The NSW Cup, currently known as the Knock-On Effect NSW Cup for sponsorship reasons, is a rugby league competition for clubs in New South Wales. The competition has a history dating back to the NSWRFL's origins in 1908, starting off as a reserve grade competition, and is now the premier open age competition in the state. The NSW Cup was the Reserve Grade/Presidents Cup/First Division from 1908 until 2002, and the NSWRL Premier League from 2003 to 2007, the NSW Cup from 2008 to 2015, the Intrust Super Premiership NSW from 2016 to 2018, the Canterbury Cup NSW from 2019 to 2020. The New South Wales Cup, along with the Queensland Cup, acts as a feeder competition to the National Rugby League premiership. The competition is the oldest continuous rugby league competition in the Australia.

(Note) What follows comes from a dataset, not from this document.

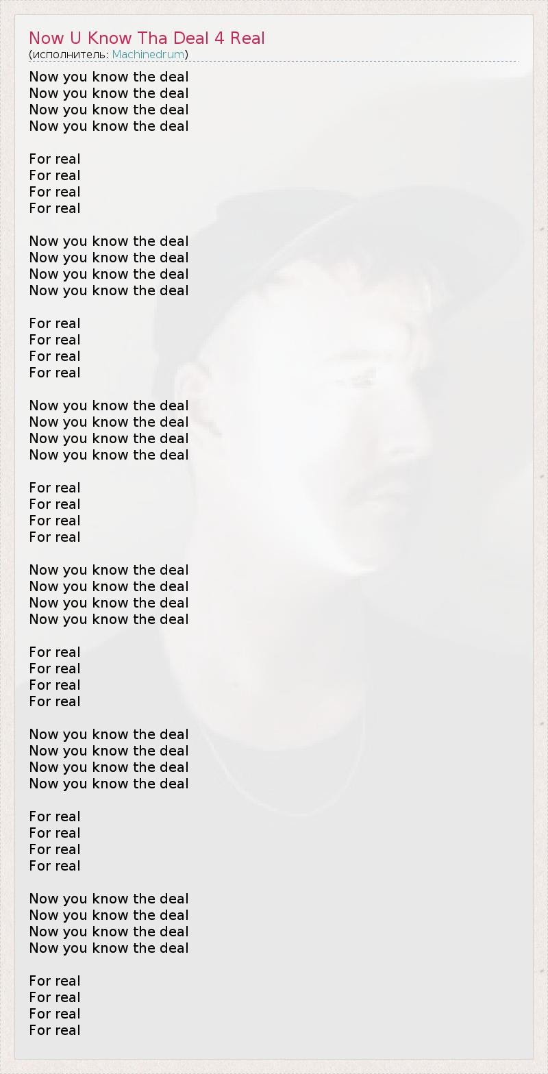 А как ты думаешь, о чем песня "Now U Know Tha Deal 4 Real" ?
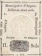 Banknote France 2 Sols - Maine et loire - Angers municipality - 1792

The NSW Cup is contested by reserve squads of NSW-based NRL teams and also includes sides representing teams that once competed at the first grade level in the NSWRL Premiership but no longer field teams in the NRL competition, and teams that have not fielded teams in the NRL competition. The North Sydney Bears are the only team to have competed in every season, since the start of the competition since 1908.

Clubs

New South Wales Cup teams

The New South Wales Cup consists of 13 teams, 11 from New South Wales, and 1 each from Auckland and from Australian Capital Territory. The league operates on a single group system, with no divisions or conferences and no relegation and promotion from other leagues. A number of clubs in the New South Wales Cup have an affiliation with a team in the Australian national competition, the National Rugby League, with most of the clubs in the being reserve grade teams to the senior grade teams of the NRL.

Bold indicates it is the club's highest level of competition
*: The season the team joined competition in its current form and consecutive tenure.
+: Current affiliation between Cronulla and Newtown since 2015.

Former teams – NSW Cup 
Of the 26 former clubs in the 21st century, 1 was each based in Australian Capital Territory, Queensland and Victoria, 2 were based in Auckland Region and the other 23 former clubs were based in New South Wales.

Former teams – Reserve Grade/First Division/Premier League

Of the 24 former clubs in the 20th century, 1 was based in Auckland Region, South Australia and Western Australia, 3 were based in Queensland and the other 20 former clubs were based in New South Wales.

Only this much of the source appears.